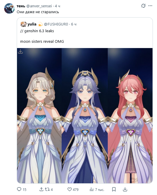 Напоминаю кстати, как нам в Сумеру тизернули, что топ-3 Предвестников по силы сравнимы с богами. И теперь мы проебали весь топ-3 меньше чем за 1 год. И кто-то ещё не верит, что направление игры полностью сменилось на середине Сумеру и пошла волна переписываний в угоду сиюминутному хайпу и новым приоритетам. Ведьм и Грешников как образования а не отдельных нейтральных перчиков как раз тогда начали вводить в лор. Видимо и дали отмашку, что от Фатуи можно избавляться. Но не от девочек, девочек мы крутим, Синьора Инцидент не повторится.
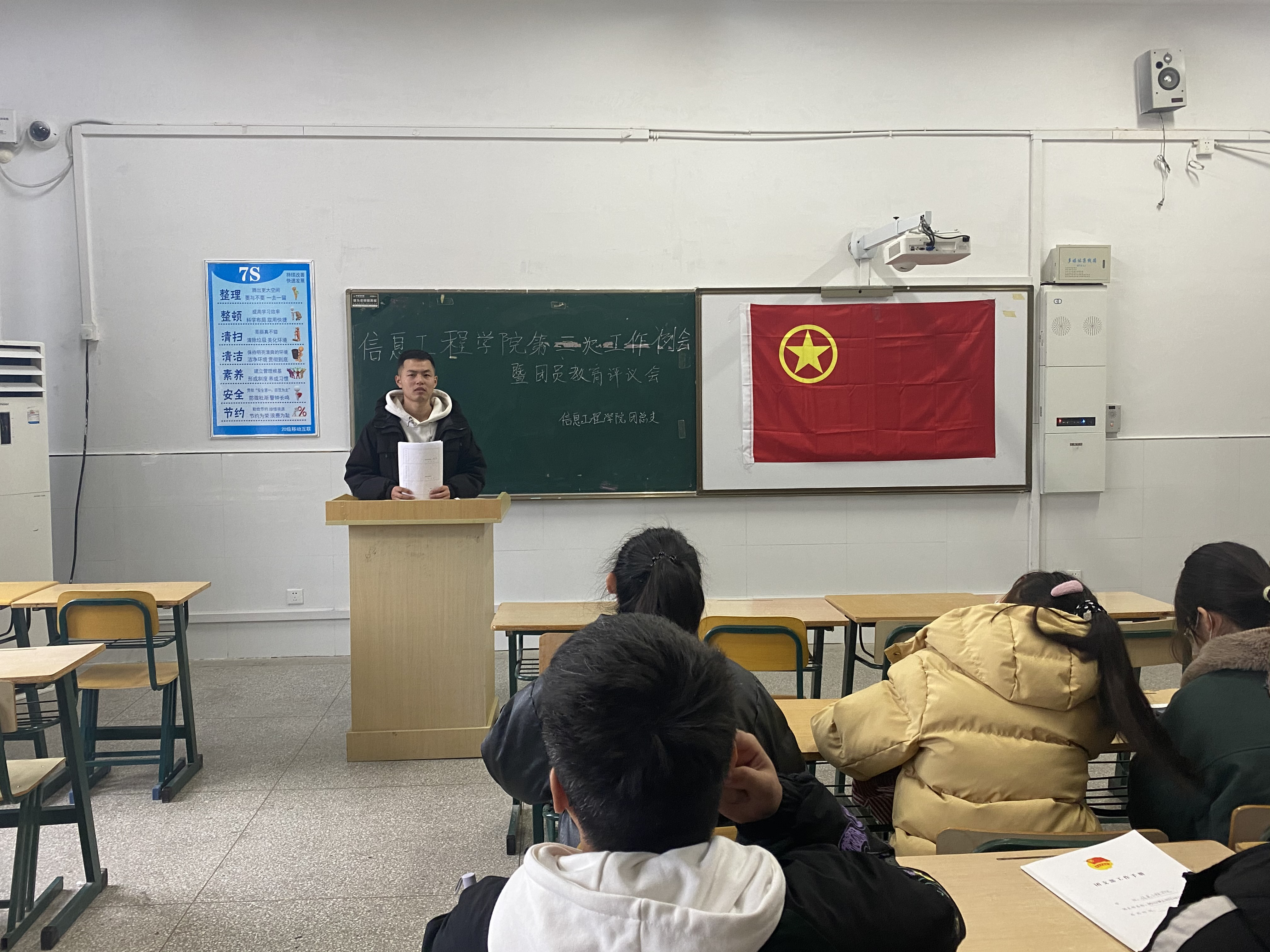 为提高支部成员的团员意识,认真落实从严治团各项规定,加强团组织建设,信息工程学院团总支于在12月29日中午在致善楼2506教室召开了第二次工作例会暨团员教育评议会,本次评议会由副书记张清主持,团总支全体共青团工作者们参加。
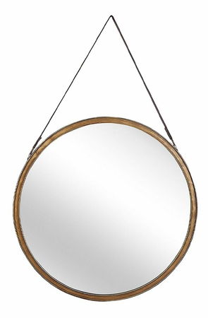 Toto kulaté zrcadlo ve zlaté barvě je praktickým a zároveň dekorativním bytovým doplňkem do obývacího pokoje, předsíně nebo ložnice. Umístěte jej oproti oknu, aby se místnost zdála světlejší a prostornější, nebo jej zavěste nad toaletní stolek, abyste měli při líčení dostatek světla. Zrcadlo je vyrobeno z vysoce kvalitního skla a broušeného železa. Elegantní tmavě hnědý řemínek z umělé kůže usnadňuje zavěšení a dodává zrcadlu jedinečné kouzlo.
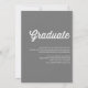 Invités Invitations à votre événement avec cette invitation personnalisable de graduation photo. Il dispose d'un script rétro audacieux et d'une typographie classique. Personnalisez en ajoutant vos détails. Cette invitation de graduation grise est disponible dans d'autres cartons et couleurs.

Task details | Everything from the line with "为提高支部成员的团员意识,认" through the last line of the listing should be retyped exactly, with both end lines kept and the pictures left out.

Answer for the task |
 为提高支部成员的团员意识,认真落实从严治团各项规定,加强团组织建设,信息工程学院团总支于在12月29日中午在致善楼2506教室召开了第二次工作例会暨团员教育评议会,本次评议会由副书记张清主持,团总支全体共青团工作者们参加。
 Toto kulaté zrcadlo ve zlaté barvě je praktickým a zároveň dekorativním bytovým doplňkem do obývacího pokoje, předsíně nebo ložnice. Umístěte jej oproti oknu, aby se místnost zdála světlejší a prostornější, nebo jej zavěste nad toaletní stolek, abyste měli při líčení dostatek světla. Zrcadlo je vyrobeno z vysoce kvalitního skla a broušeného železa. Elegantní tmavě hnědý řemínek z umělé kůže usnadňuje zavěšení a dodává zrcadlu jedinečné kouzlo.
 Invités Invitations à votre événement avec cette invitation personnalisable de graduation photo. Il dispose d'un script rétro audacieux et d'une typographie classique. Personnalisez en ajoutant vos détails. Cette invitation de graduation grise est disponible dans d'autres cartons et couleurs.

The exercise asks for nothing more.